1. Field of the Invention
The present invention relates to a method of measuring a surface profile using an atomic force microscope for observing a sample surface by making use of interatomic forces existing between a probing tip and the sample surface.
2. Description of the Prior Art
Recently, development has proceeded on an atomic force microscope (hereinafter referred to simply as an AFM) which is used as an instrument capable of observing the surface of a solid body on an atomic scale.
The principle of the AFM is explained hereinafter with reference to FIG. 5.
In order to detect minute forces, a cantilever 6 having a probing tip 12 and a length ranging from 100 .mu.m to 200 .mu.m is preferably employed in the AFM. When a sample 21 placed on a sample platform 4 is brought near the probing tip 12, the cantilever 6 deflects in the presence of interatomic forces existing between the probing tip 12 and the sample 21. The AFM scans the surface of the sample 21 using first and second piezoelectric members 1 and 2 and a piezoelectric member drive unit 11 while a third piezoelectric member 3 is being feed-back controlled by the piezoelectric member drive unit 11 via a control signal generator 14 so that the amount of deflection of the cantilever 6 may be maintained constant. The first, second, and third piezoelectric members 1, 2, and 3 are secured to and extend from the sample platform 4 in directions shown by arrows X, Y, and Z, respectively. Because the control quantity in such a feed-back control is indicative of height variations of the sample surface, an AFM image is obtained by converting the control quantity into image information using a controller or computer 10. Alternatively, the AFM image can be obtained by converting the amount of deflection of the cantilever 6 into image information without performing the feed-back control. The amount of deflection of the cantilever 6 is detected by a deflection detector 22 wherein the principle of optical beam deflection, laser interference, tunnel current, or the like is utilized. The resolution of the AFM depends upon the radius of curvature of the probing tip 12. The less the radius of curvature, the higher the resolution At present, an atomic image of, for example, mica is observed by a probing tip having a radius of curvature of several hundred angstroms. The AFM is used to observe not only a sample surface on an atomic scale but also another sample surface having relatively large height variations in unit of nanometers (nm) or micrometers (.mu.m). The observation of the sample surface of the latter, for example, a grating having relatively deep grooves, requires a probing tip having a small radius of curvature and a high aspect ratio sufficient to reach the bottoms of the grooves. In this respect, a whisker crystal is preferably used as the probing tip.

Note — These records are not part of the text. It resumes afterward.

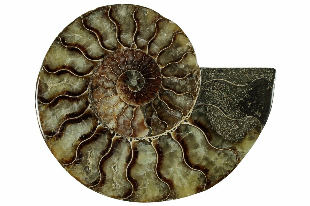 Here is a beautiful, 3.95" wide, cut and polished Cleoniceras ammonite fossil from Madagascar. These ammonites are Cretaceous in age, approximately 110 million years old. This specimen exhibits gorgeous mineralization within the chambers, each separated by white calcite septa (divisions). This highly polished, exotic ammonite makes a superb display piece with tremendous historical appeal.
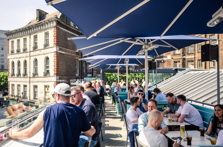 位于维多利亚车站正对面的 Market Halls,拥有一个宽敞且位置绝佳的顶楼露台。 这里不卖弄华丽的景观(除非你特别喜欢观察伦敦著名的红色巴士),但它卖的是一种无与伦比的便利性与多元选择。 楼下是各色街头美食摊位,你可以带着烤串或披萨来到顶楼,点一杯精酿啤酒或调酒,享受一个露天的欢乐时光。 艾编觉得这里就像是维多利亚车站里Wetherspoons的高级进化版,更时髦、更有氛围感,且选择更丰富。 对于刚下班想找个宽敞地方跟朋友聚聚,或是搭火车前想吹吹风的小伙伴来说,这里就是你的高空食堂。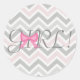 Estes adesivos bonitos decorados com um fundo cor-de-rosa e fatião de cinza com um arco serão excelentes para o seu próximo chá de fraldas!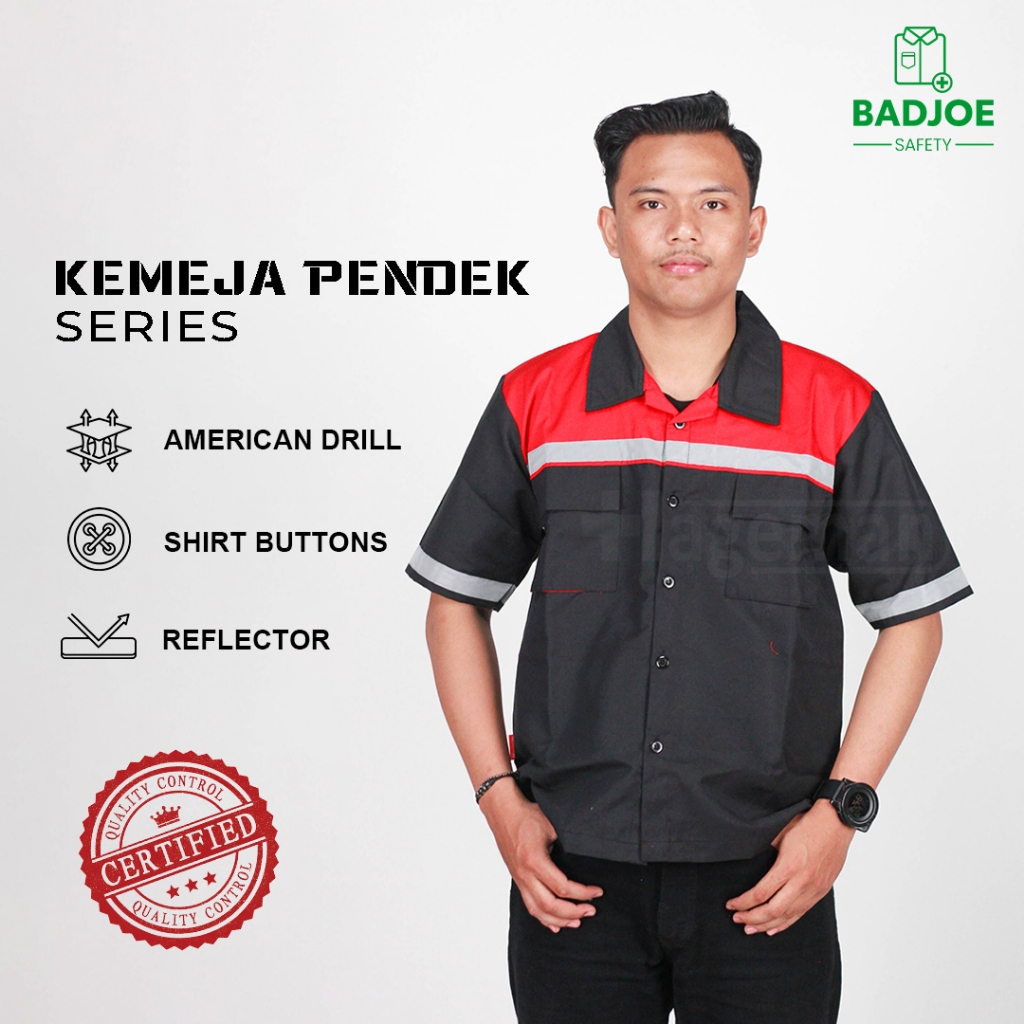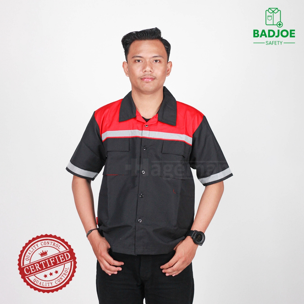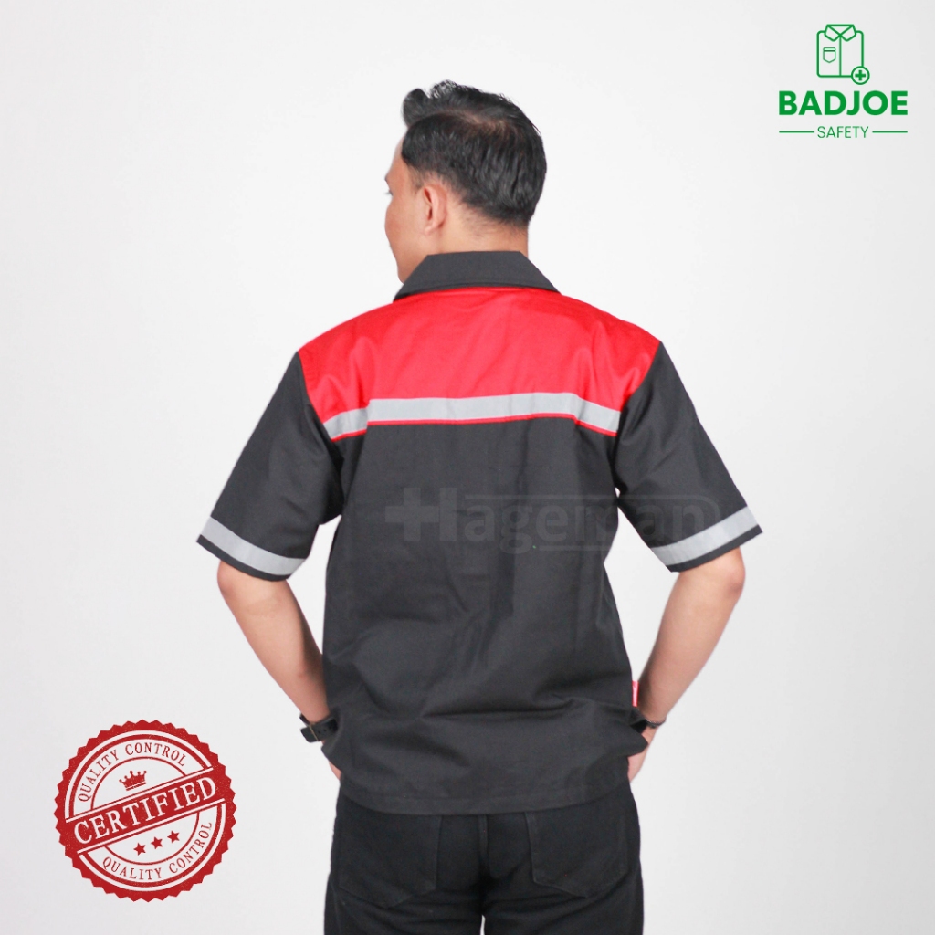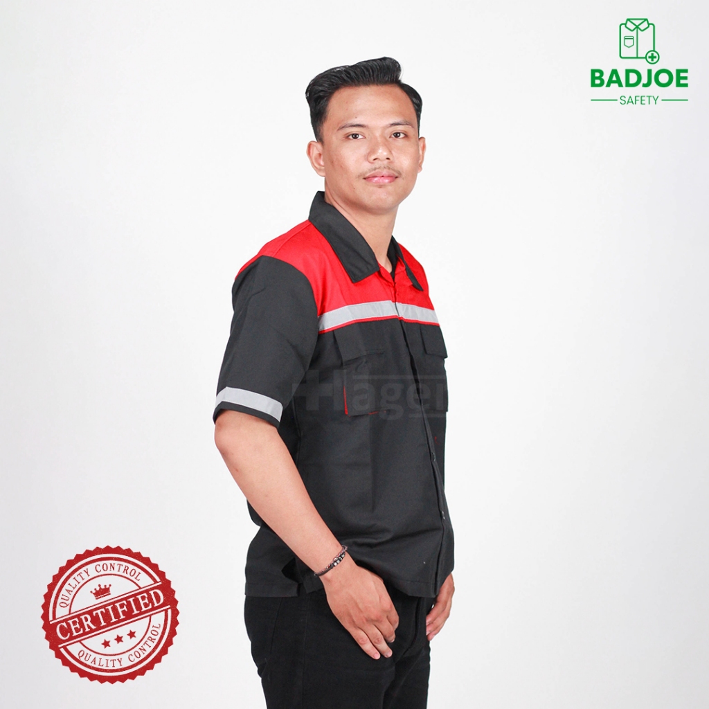 WEARPACK SAFETY LENGAN PENDEK WARNA MERAH KOMBINASI HITAM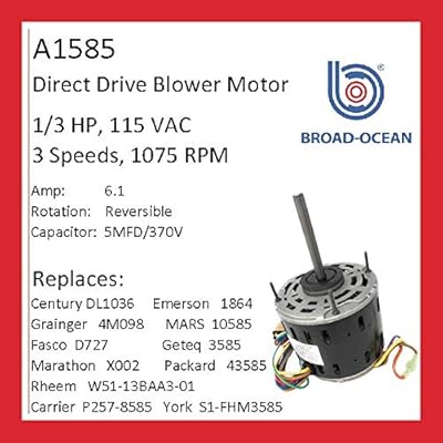 Buy A1585 1 3hp Furnace Blower Motor 115v 1075rpm 6 1amp Online In Indonesia B07vbj3hlf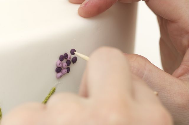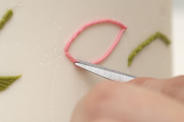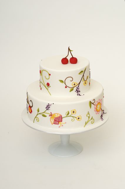 1. Using a measuring tape, note the circumference of each tier.2. Cut a long strip of parchment paper to fit the full length and height of each tier.3. Draw design on parchment template. Here we were inspired by vintage crewelwork from Turkey.4. Pin parchment template to cake and score your design. Remove parchment.5. Fill extruder/clay gun with colored sugar paste. You could use pre-colored Satin Ice Fondant or tint some Satin Ice gum paste.6. Use these 4 techniques to achieve embroidery effects on the cake surfaces – use one or a combination of all four.7a. Split Stitch – adhere two noodle strips to the scored lines on the cake, using a fine brush, moisten the back with water.7b. Using a pair of small sharp edged scissors, snip into the paste noodles.8. Straight Stitch: – apply one noodle strip and cut in the same fashion for a split stitch.9. Satin Stitch – moisten area with water using your paintbrush, apply noodle strip in one direction and cut with xacto knife.10. French Dot – roll small balls of paste; moisten the back with water, and using a toothpick apply to the cake. Add a little pressure with the toothpick to mark a hole in the center of each ball.11. Finish cake with confectionary cherries (can be made out of marzipan, sugar paste or Satin Ice Fondant).

As a matter of course, in applications where the probing tip 12 is scanned on the surface of the sample 21, the cantilever 6 deflects in the presence of height variations of the sample surface. In addition to such deflection, variations in the friction coefficient of the sample surface or a distortion of the cantilever 6 causes a deflection of the cantilever 6. This kind of deflection brings about noise, and hence, accurate measurement of the surface configuration cannot be expected. By way of example, when mica is used as a sample and a repulsive force of 1.times.10.sup.-8 N is chosen to act on the cantilever 6, an AFM image obtained from the amount of deflection of the cantilever 6 indicates a generally symmetric atomic image. On the other hand, when a repulsive force of 1.times.10.sup.-7 N is chosen to act on the cantilever 6, the AFM image indicates a non-symmetric atomic image.
Furthermore, in applications where measurements are carried out using a probing tip having a high aspect ratio, and if the sample 21 contains very steep height variations or has grooves with generally vertically extending side walls, a side surface of the probing tip 12 occasionally collides against the side walls of the grooves during scanning. Under such conditions, little deflection of the cantilever 6 would occur, and hence, the scanning is continued with the distance between the sample and the probing tip 12 maintained substantially constant. As a result, not only can no accurate AFM image be obtained, but also the probing tip 12 or the cantilever 6 is occasionally damaged.
In addition, if the sample 21 is a living body which cannot be easily anchored on a substrate, the scanning of the probing tip 12 drags the sample 21 on the substrate, thus resulting in an inaccurate measurement.